The analysis advanced by Schubert et al. (
6) underscores the importance of considering contextual interdependencies when analyzing microbiome data. For example, they found that exposure to different classes of antibiotics resulted in different community compositions and that, within these resulting communities,
C. difficile colonization resistance was associated with different taxa. Furthermore, they identified cases where the same taxon produces opposite correlations with
C. difficile colonization resistance depending upon the antibiotic exposure. For example, an operational taxonomic unit (OTU) from
Bacteroides was positively associated with
C. difficile colonization in streptomycin-treated mice but was negatively associated in mice treated with cefoperazone. Furthermore, according to their model, considering the interactions between taxa is important for predicting colonization resistance. The authors found that decreases in OTUs associated with
Porphyromonadaceae,
Lachnospiraceae,
Lactobacillus,
Alistipes, and
Turicibacter are associated with increased susceptibility to infection when coupled with increases in
Escherichia or
Streptococcus OTUs. When analyzed in isolation, many of these taxa are not predictive of disease (e.g., an OTU within
Akkermansia) or are highly predictive under some conditions (e.g., an
Escherichia OTU in ampicillin-treated mice) but not others (e.g., the same
Escherichia OTU in streptomycin-treated mice). In short, Schubert et al.'s (
6) regression models provide a more robust prediction of
C. difficile colonization resistance than traditional analyses would provide. Additionally, their findings indicate that the phenotype of colonization resistance is complex and depends upon a variety of parameters.
Schubert et al.'s (
6) work holds important long-term implications. First, it can help advance personalized microbiome-based medicine. For example, extensions of their models may ultimately be used to screen clinical patients’ microbiomes prior to administration of antibiotics and predict their likelihood of developing an infection. Similarly, they may help doctors select patient-appropriate antibiotics or those that minimize the risk of infection. Furthermore, these models may help identify ideal microbiome donor matches to improve the efficacy of microbiome transplantations for treating
C. difficile infection. Second, these models provide insight into those taxa that are consistently associated with
C. difficile resistance, which can improve the development of effective probiotics based on a complex of organisms. Finally, these models provide insight into how the microbiome operates and can be used to establish hypotheses about the ecological interactions between specific groups of taxa or how perturbations to a community affect the functional relationship between taxa. Of course, the application of these models would benefit from additional investigation, such as the consideration of additional variables that may be relevant to colonization, including the initial immunological state of the host. Furthermore, it may be valuable to compare alternative regression or modeling approaches, with the aim of improving the accuracy of the predictions. Finally, the extension of these models to clinical settings requires validation in human populations, which are subject to sources of variation beyond those in an experimental mouse model, including genetic and nutritional variance.

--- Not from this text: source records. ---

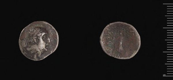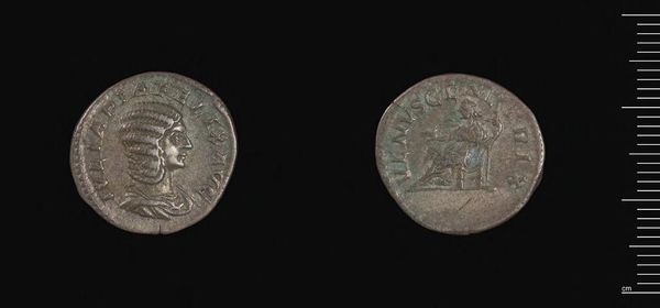 Editor: This is a Denarius coin of Faustina II, currently held at the Harvard Art Museums. It looks well-worn, almost ghostly. What stands out to you in its form? Curator: Observe the relief. The portrait's profile, though aged by time, reveals a deliberate emphasis on classical features. The reverse mirrors this structural clarity with its allegorical figure. The composition is designed for legibility, even at this scale. Editor: So, the value is in the clean design, even with the coin’s wear? Curator: Precisely. The aesthetic intention remains discernible despite the degradation of the material surface. The structure still communicates power. Editor: Interesting, I see that now. Thanks for pointing it out! Curator: My pleasure. It is a lesson in the enduring language of form.
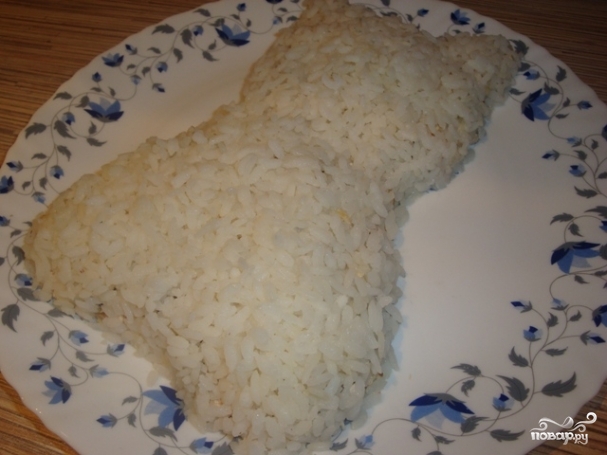 Теперь выложите варёный рис поверх "кота". Облепите со всех сторон.
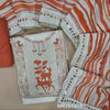Half white base premium silk cotton unstitched salwar material, zari and thread embroidery on yoke, (lining needed)green spun cotton bottom,abstract printed soft silk cotton dupatta with foil work borders with lace tapping. MR261414
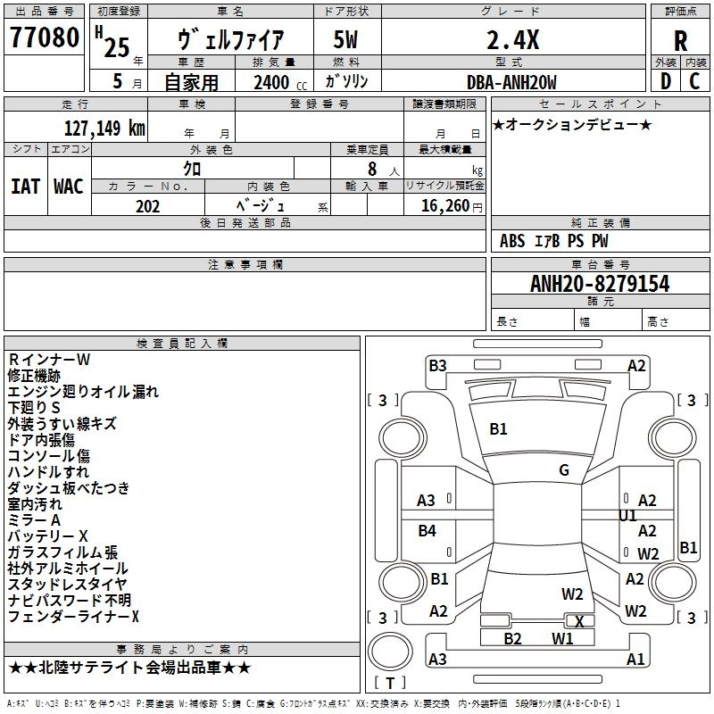 TOYOTA VELLFIRE 2013 г., лот № 77080
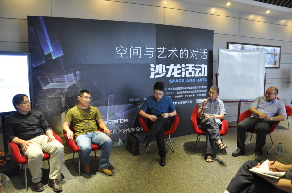 接下来的主题沙龙嘉宾互动环节由艾海主持,嘉宾北京建筑装饰协会副会长高建、纪晓恩、胡亮、盛保敬就“空间与艺术的对话”这一主题展开讨论,嘉宾们从行业发展、设计运用、艺术融合与体验、原料的运用等方面进行了详细的分析和阐述,与现场设计师零距离进一步分享经验、交流信息。
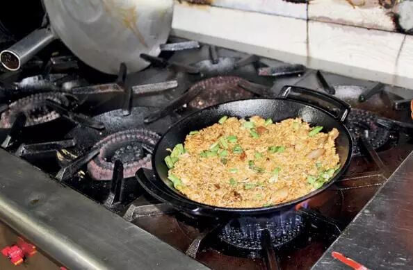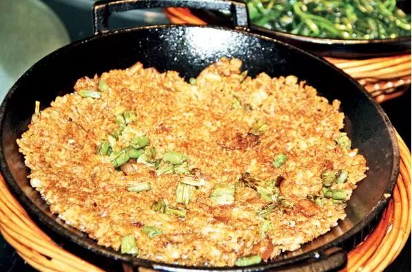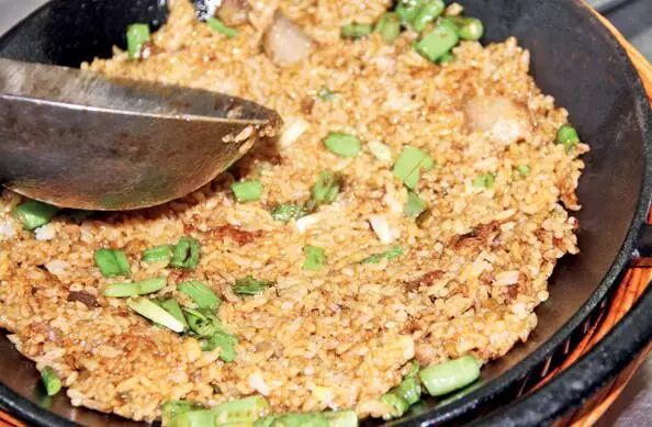 我说技术 看似简单的炒米饭却要经过三个关键工艺流程—先炒散米饭,再入煲仔炉中小火煎制,最后还要用小火焖制,最后做好的铁锅饭像一层压薄的锅巴,表面泛着一层金黄色的“煳嘎巴”。
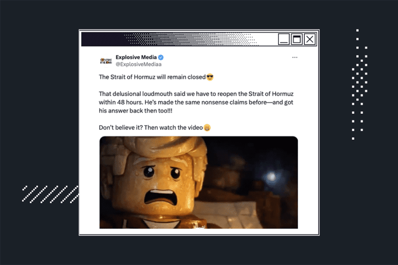 И, наконец, видео с Lego. Созданные группой Explosive Media, эти ролики с использованием ИИ изображают Трампа, Хегсета, а также американские и иранские вооружённые силы в виде жёлтых фигурок популярного конструктора. В одном видео Трамп лежит в постели и пишет в Truth Social, что весь военный флот Ирана полностью уничтожен. Иранский морской командир читает сообщение и смеётся, после чего начинает уничтожать корабли ВМС США в Ормузском проливе с помощью мин, ракет и беспилотников, пока Трамп, оставаясь в постели, начинает нервничать, представляя рост цен на бензин.
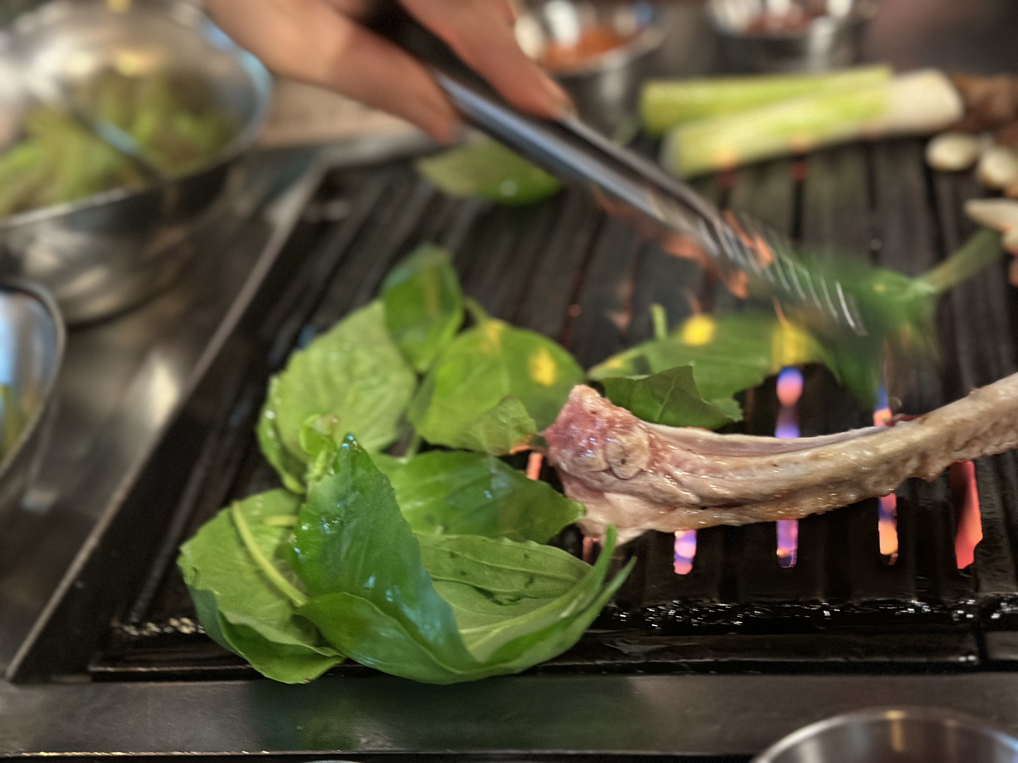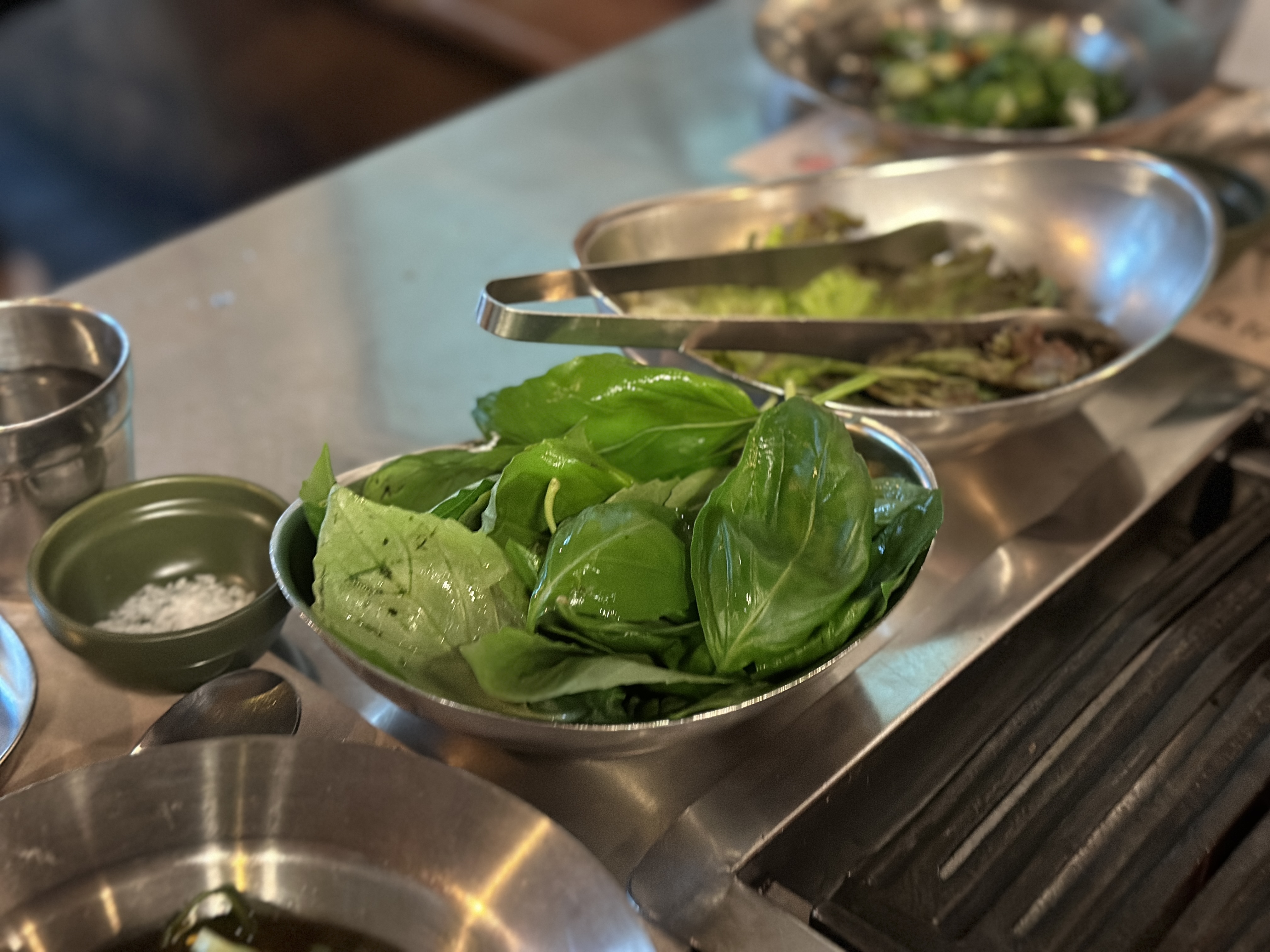 신당동 금돼지식당의 시그니쳐인 바질쌈입니다. 중간에 고기 한타임 굽고 바질을 가볍게 구워봤는데 이게 진짜 별미입니다. 향긋한 바질향이 단독으로 먹으면 감흥이 없는데 삼겹살과 결합되면 이게 미칩니다. ㅋㅋㅋ 솔직히 인정.
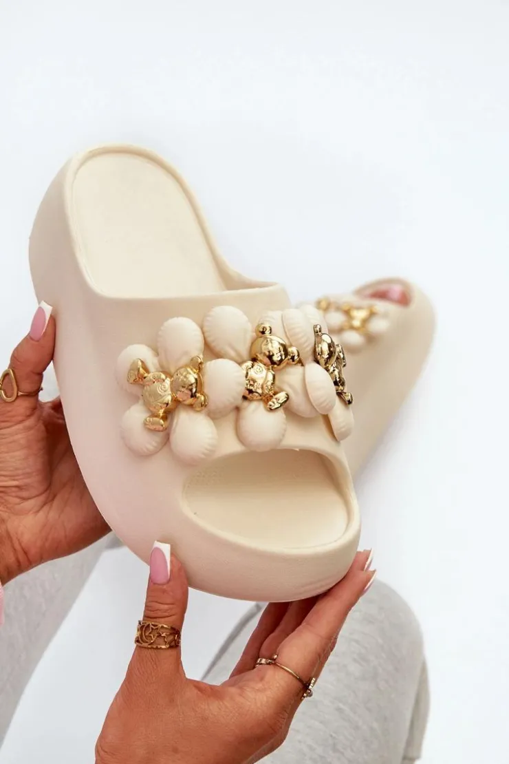 Damskie Boto Damskie Klapki Piankowe Z Ozdobami Na Grubej Podeszwie Jasnobeżowe Bremavia
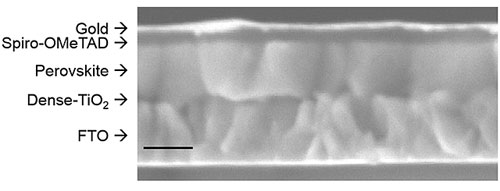 開發(fā)的鈣鈦礦太陽能電池的截面圖
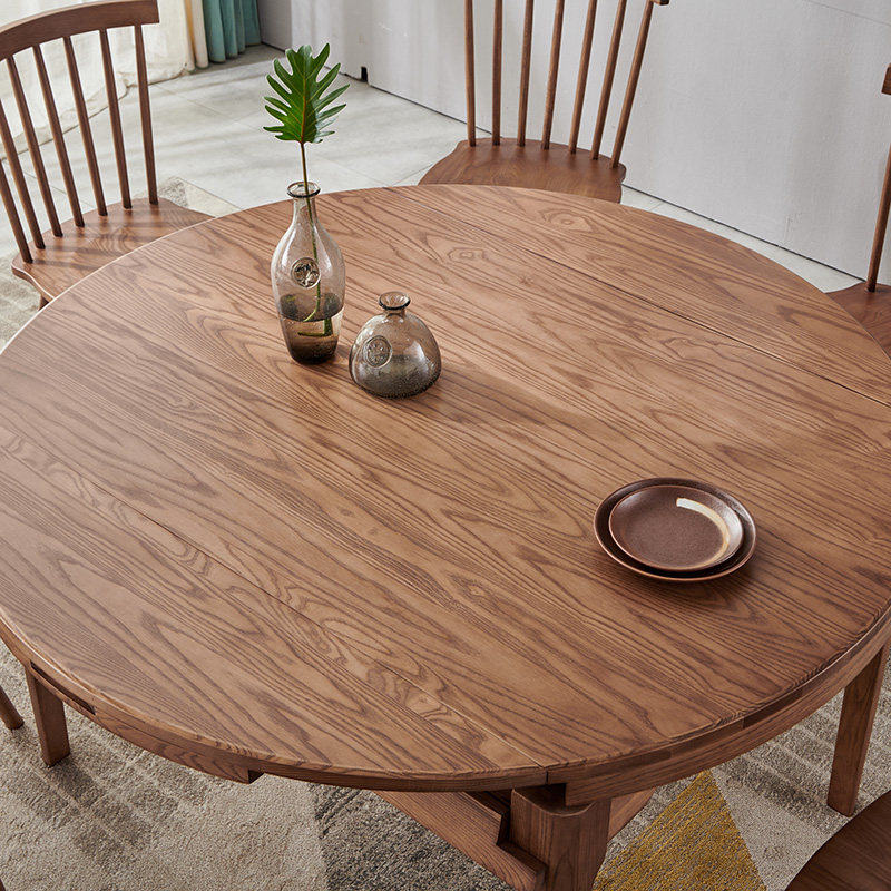 Скандинавский телескопический круглый стол, складной стол и стул из массива дерева, круглый обеденный стол, бытовая мебель из ясеня, обеденный стол
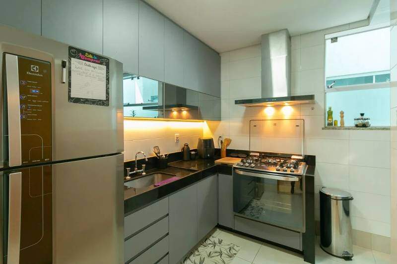 Cozinha com bancada em granito, piso em cerâmica, armários planejados e coifa
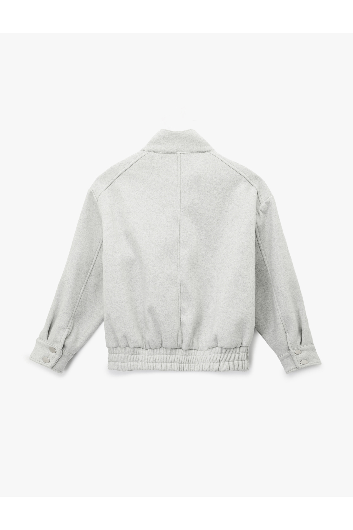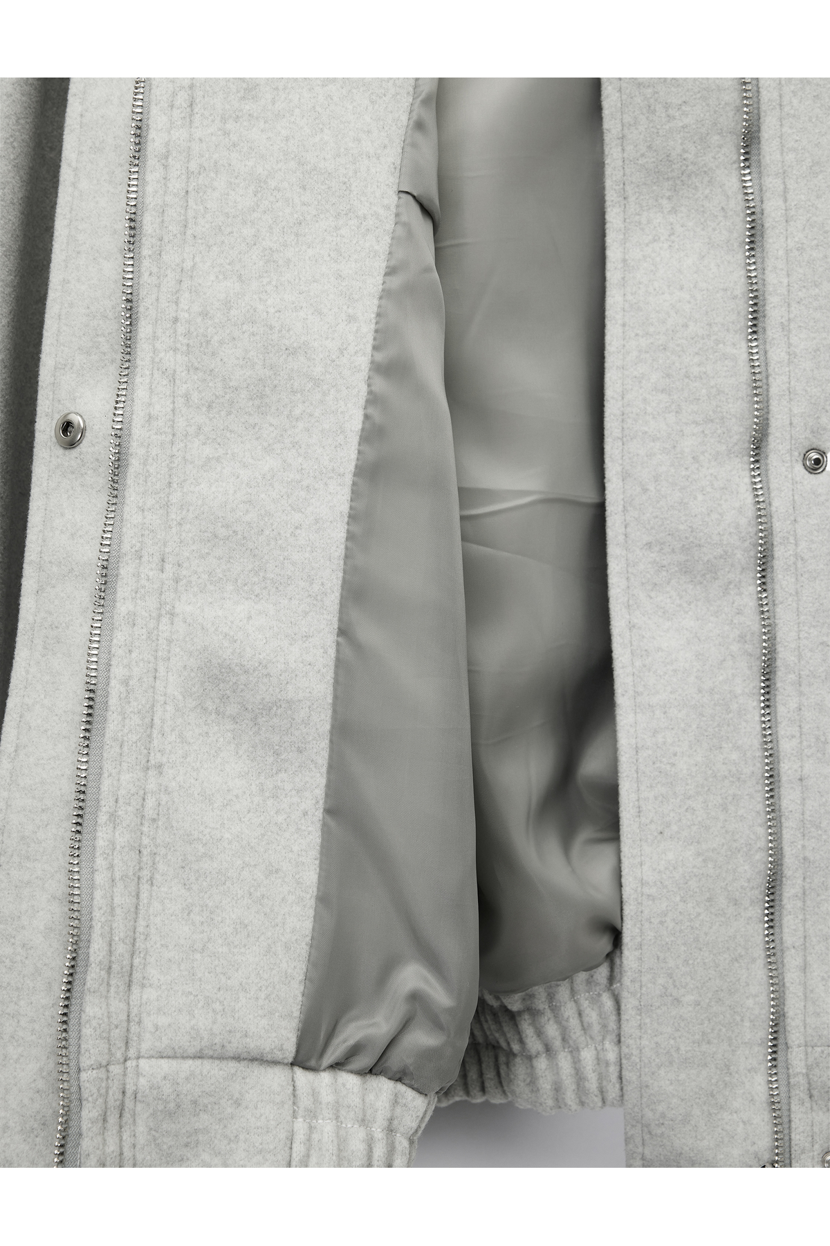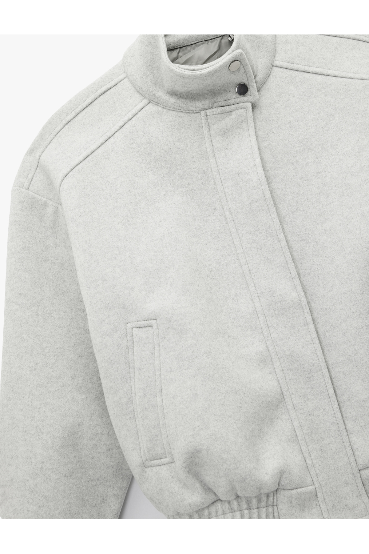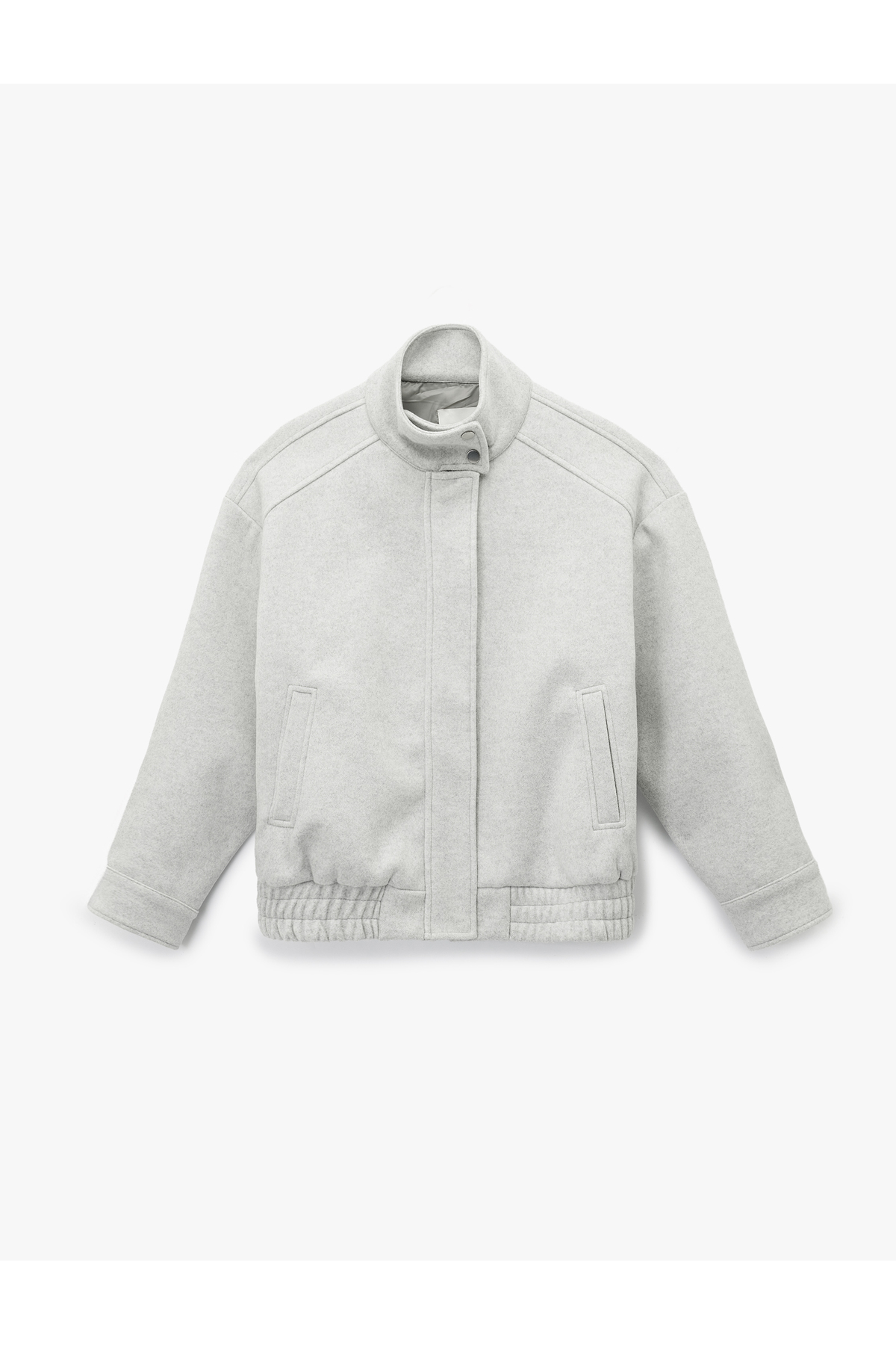 کاپشن کشمیری آستین بلند، جیبدار، زیپدار و یقه ایستاده.
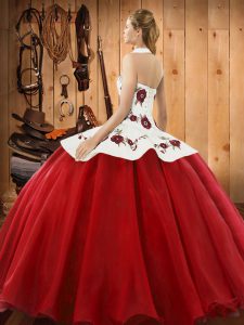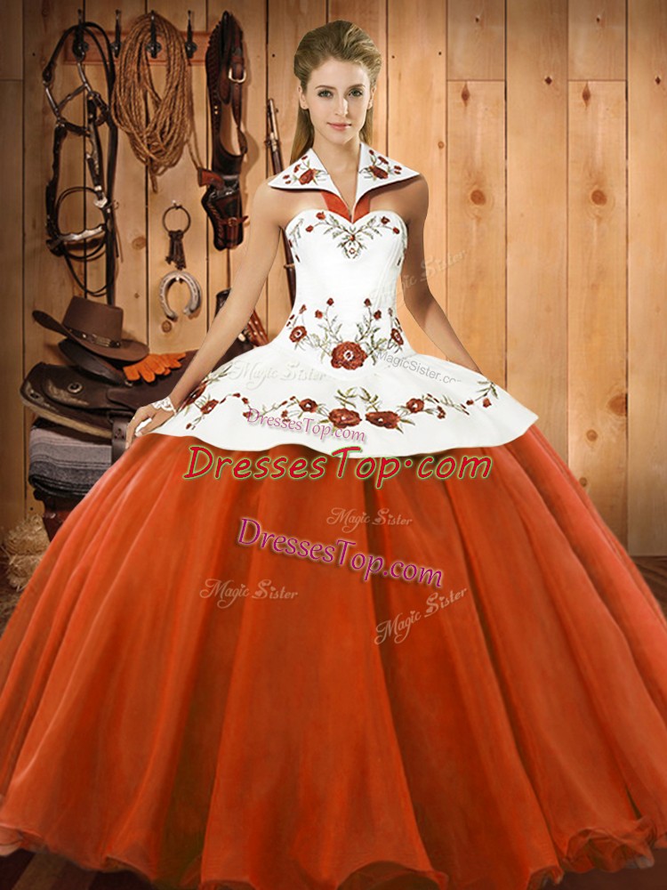 Cute Satin and Tulle Halter Top Sleeveless Lace Up Embroidery Quinceanera Dresses in Orange Red

Other studies have applied similar analytical methods to investigate the complex of dependencies that influence the microbiome (
7). For example, Belzer et al. identified groups of enteric microbiota that exhibit consistent temporal patterns of variation in response to
Citrobacter rodentium-induced colitis (
10). Faith et al. applied linear models to understand how dietary variation perturbs a defined gut microbiome (
8). Statnikov et al. used multivariate models to predict psoriasis using skin microbiome community profiles (
9). These mathematical model-based frameworks provide insight into the mechanisms through which microbiomes operate and will likely be essential in developing a comprehensive view of how hosts and their microbiomes interact. Future investigations should similarly consider establishing study designs that enable robust, predictive modeling of the microbiome.